DATA BELOW —
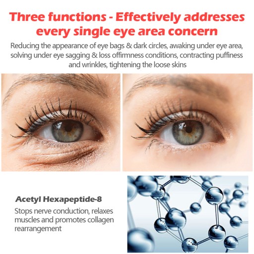 Trzy funkcje-skutecznie rozwiązuje każdy obszar z wzorem pojedynczego oka, zmniejszając wygląd worki pod oczami i ciemne koła, budząc się pod obszarem oczu, rozwiązując zwiotczenie oczu i utratę warunków offirmness, kurczenie się obrzęków i zmarszczek, napinając luźne skórki.
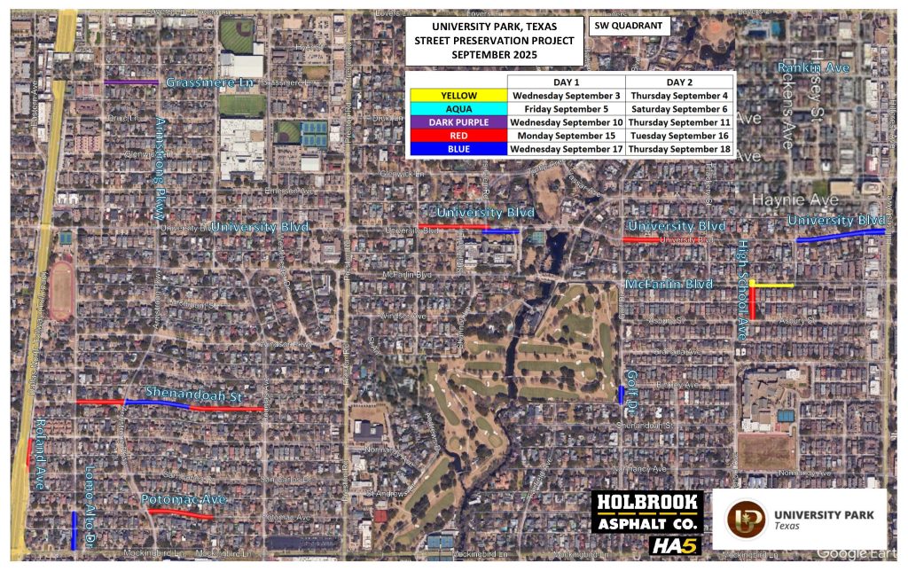 Holbrook Asphalt will be performing street maintenance in your area on behalf of the City of University Park. The product being applied is a High Density Mineral Bond called HA5. The treatment will help significantly extend the life of the streets. The benefits of properly maintained streets include higher property values, a smoother/safer ride, and reduced costs to the community by prolonging the need for replacement.
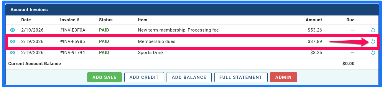 1. Access your member’s account and locate the transaction you want to refund.
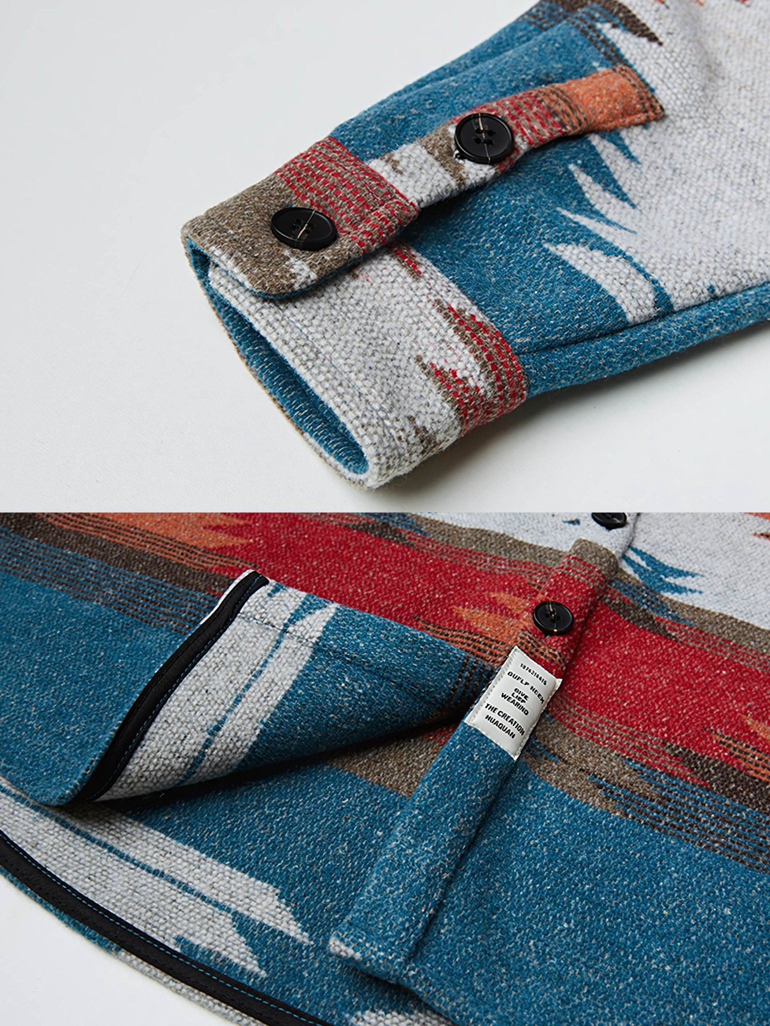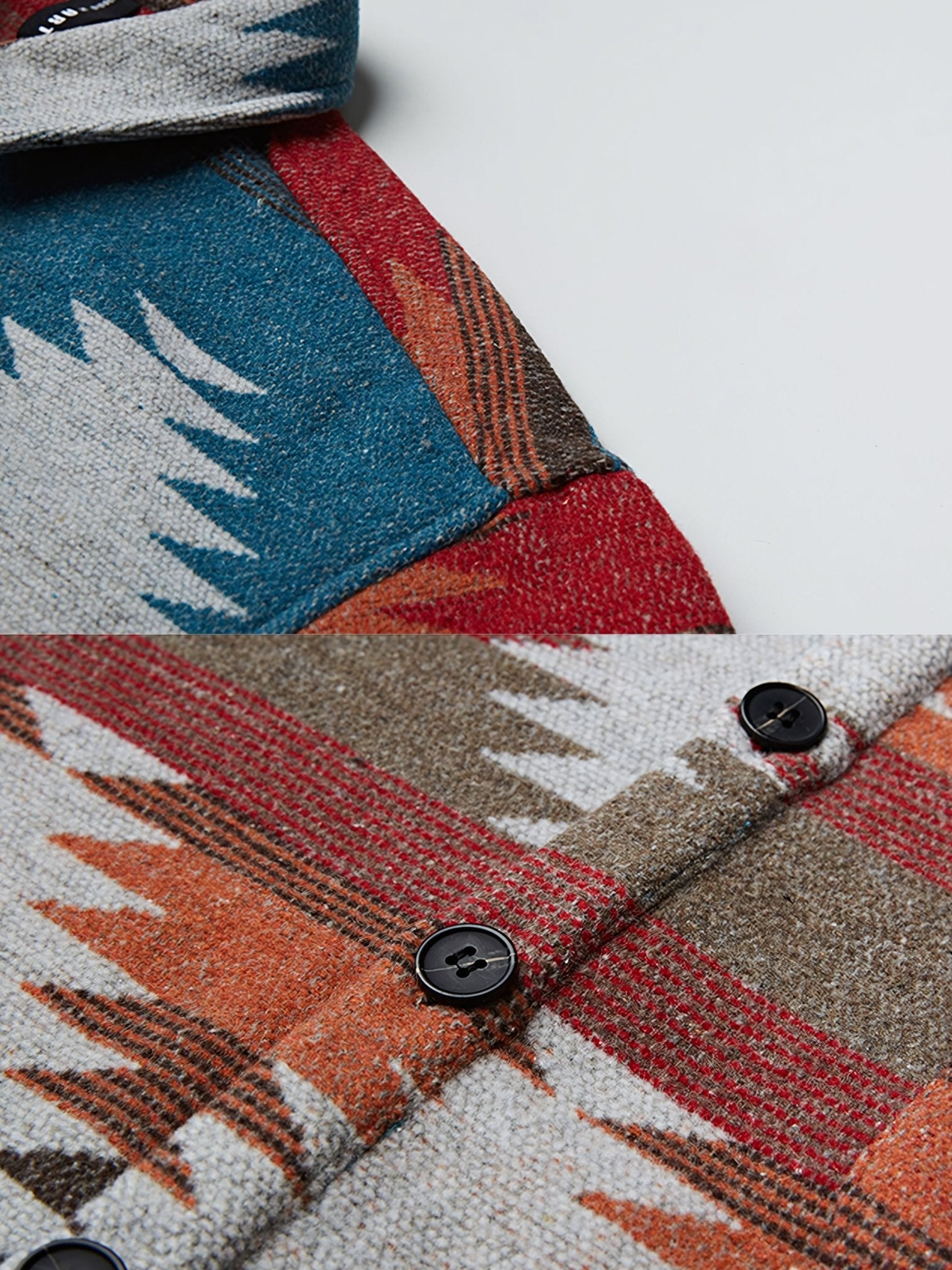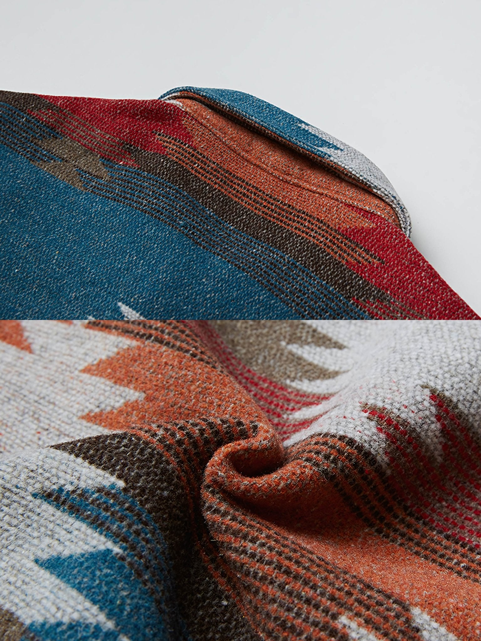 アイテムはナバホ族の伝統的な織り柄を再現するために、高品質のポリエステルとウールの組み合わせ素材が使用されています。これにより、暖かさと軽さ、丈夫さが同居した独特の素材が生み出され、洗練されたエスニックスタイルを提供します。

WHAT THE EXERCISE ASKS — Transcribe everything above exactly. Do not include the pictures.

ANSWER BELOW —
 Trzy funkcje-skutecznie rozwiązuje każdy obszar z wzorem pojedynczego oka, zmniejszając wygląd worki pod oczami i ciemne koła, budząc się pod obszarem oczu, rozwiązując zwiotczenie oczu i utratę warunków offirmness, kurczenie się obrzęków i zmarszczek, napinając luźne skórki.
 Holbrook Asphalt will be performing street maintenance in your area on behalf of the City of University Park. The product being applied is a High Density Mineral Bond called HA5. The treatment will help significantly extend the life of the streets. The benefits of properly maintained streets include higher property values, a smoother/safer ride, and reduced costs to the community by prolonging the need for replacement.
 1. Access your member’s account and locate the transaction you want to refund.
 アイテムはナバホ族の伝統的な織り柄を再現するために、高品質のポリエステルとウールの組み合わせ素材が使用されています。これにより、暖かさと軽さ、丈夫さが同居した独特の素材が生み出され、洗練されたエスニックスタイルを提供します。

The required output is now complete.